- _DATA FOR THIS TASK_
------------------------------------------------------------------------
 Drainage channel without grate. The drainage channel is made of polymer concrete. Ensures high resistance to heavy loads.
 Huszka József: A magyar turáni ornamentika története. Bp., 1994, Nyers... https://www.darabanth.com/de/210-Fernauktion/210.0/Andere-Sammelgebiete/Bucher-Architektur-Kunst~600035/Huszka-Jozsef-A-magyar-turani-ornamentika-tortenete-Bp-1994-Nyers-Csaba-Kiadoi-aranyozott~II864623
------------------------------------------------------------------------
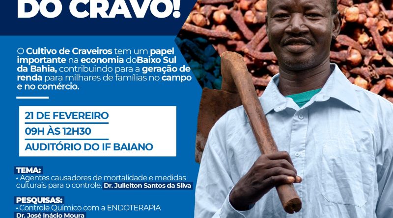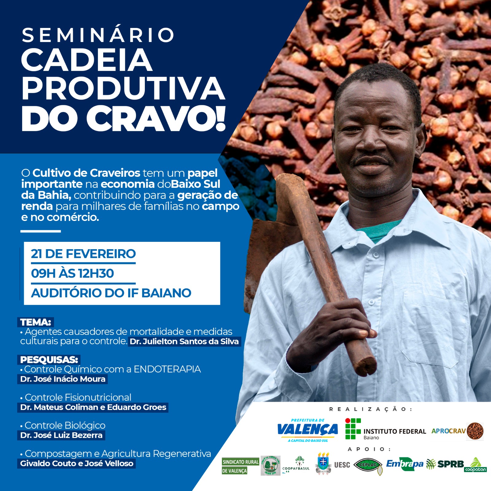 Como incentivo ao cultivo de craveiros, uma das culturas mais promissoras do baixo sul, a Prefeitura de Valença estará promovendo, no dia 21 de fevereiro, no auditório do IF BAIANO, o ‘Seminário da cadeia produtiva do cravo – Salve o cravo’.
------------------------------------------------------------------------
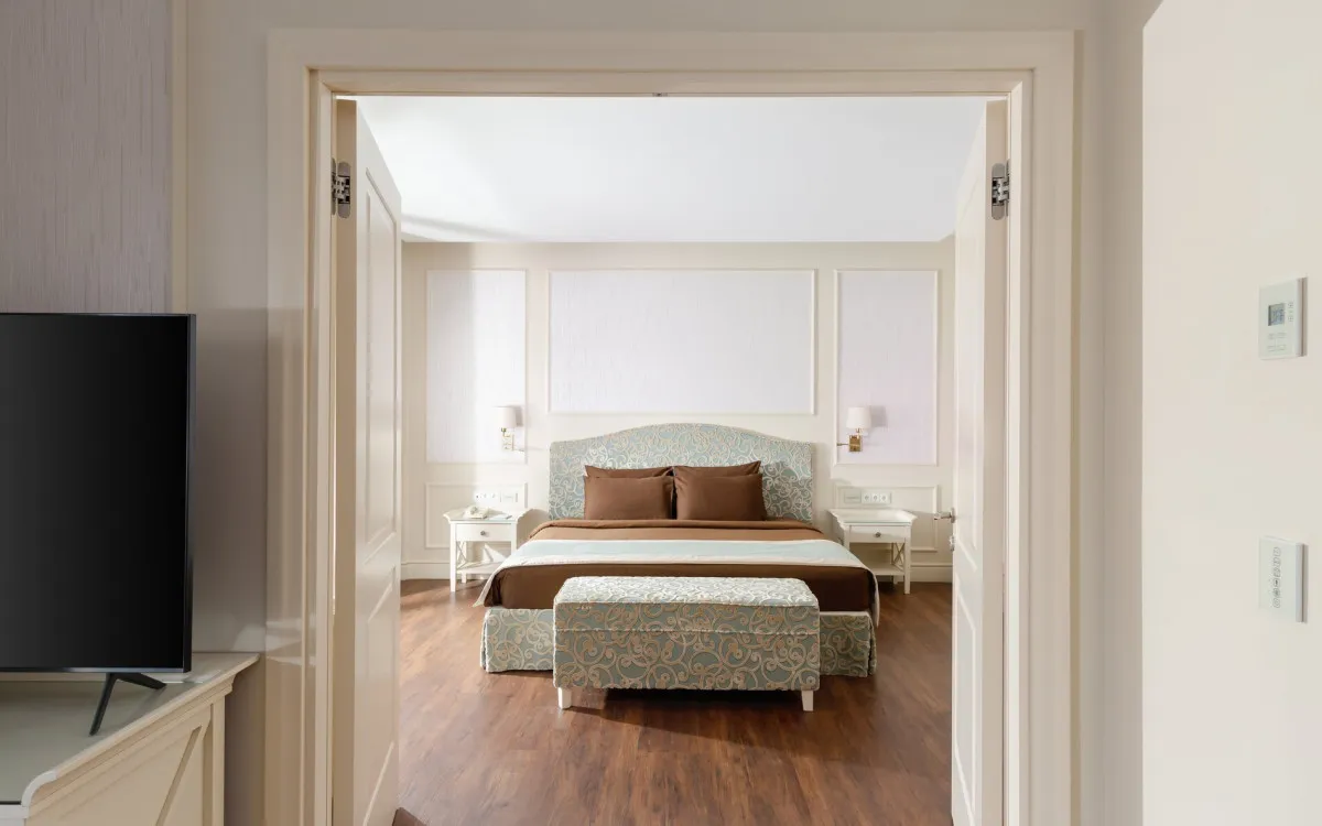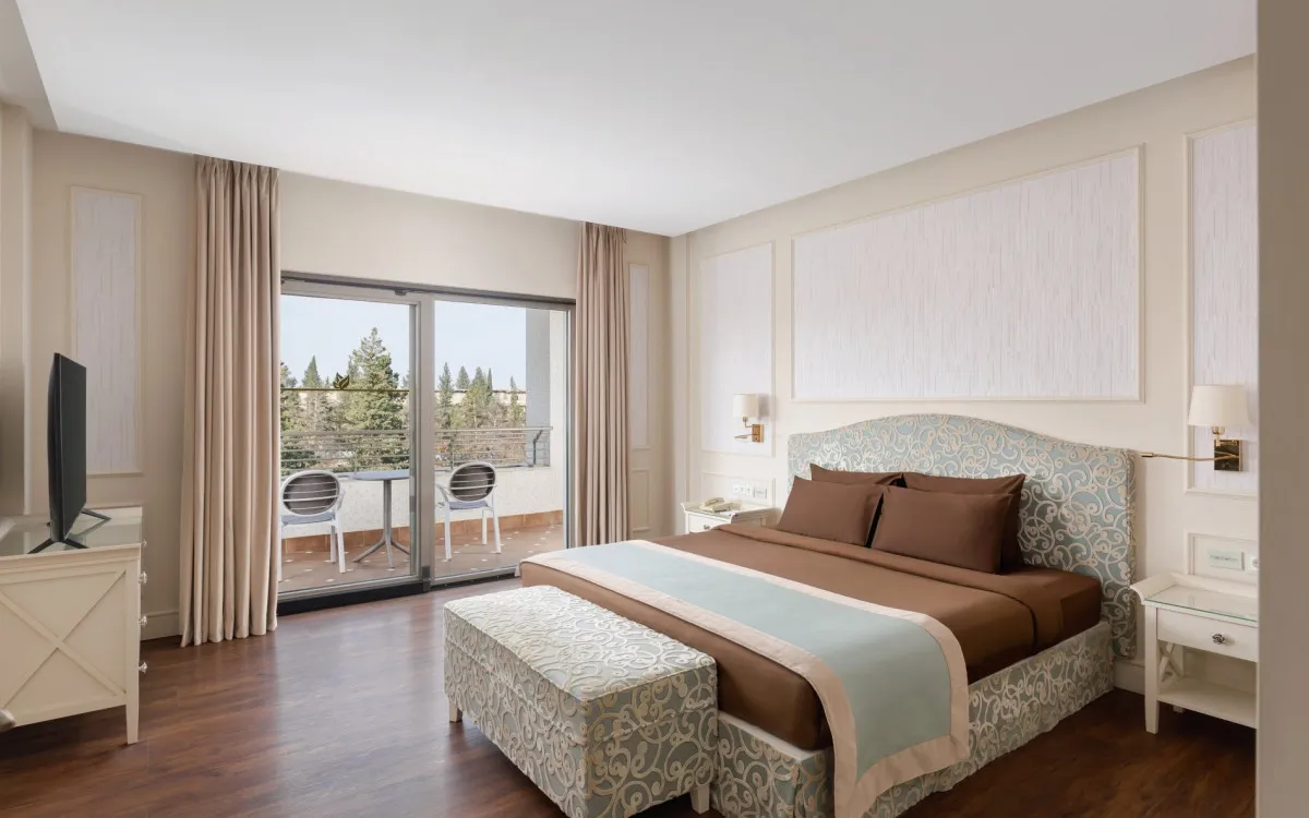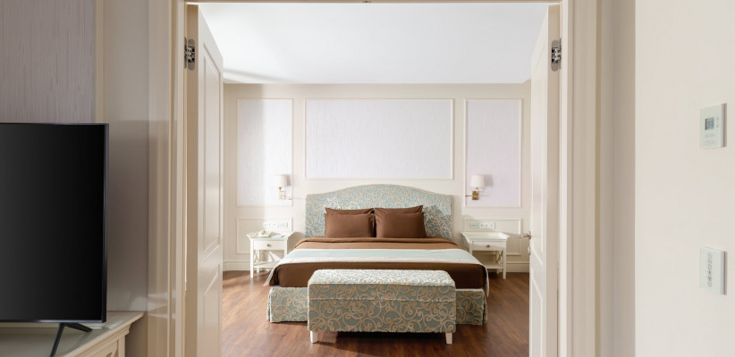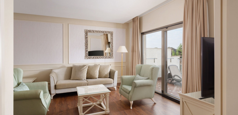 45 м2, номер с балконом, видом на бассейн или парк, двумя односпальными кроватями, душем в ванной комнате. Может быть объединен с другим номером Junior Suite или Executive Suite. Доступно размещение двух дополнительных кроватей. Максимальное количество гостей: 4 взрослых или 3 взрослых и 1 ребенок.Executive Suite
------------------------------------------------------------------------
- _WHAT IS REQUIRED_
Considering only the material above, set down every line from the one with "Drainage channel without" to the one with "Huszka József: A", inclusive, exactly as written.

- _TASK RESPONSE_
 Drainage channel without grate. The drainage channel is made of polymer concrete. Ensures high resistance to heavy loads.
 Huszka József: A magyar turáni ornamentika története. Bp., 1994, Nyers... https://www.darabanth.com/de/210-Fernauktion/210.0/Andere-Sammelgebiete/Bucher-Architektur-Kunst~600035/Huszka-Jozsef-A-magyar-turani-ornamentika-tortenete-Bp-1994-Nyers-Csaba-Kiadoi-aranyozott~II864623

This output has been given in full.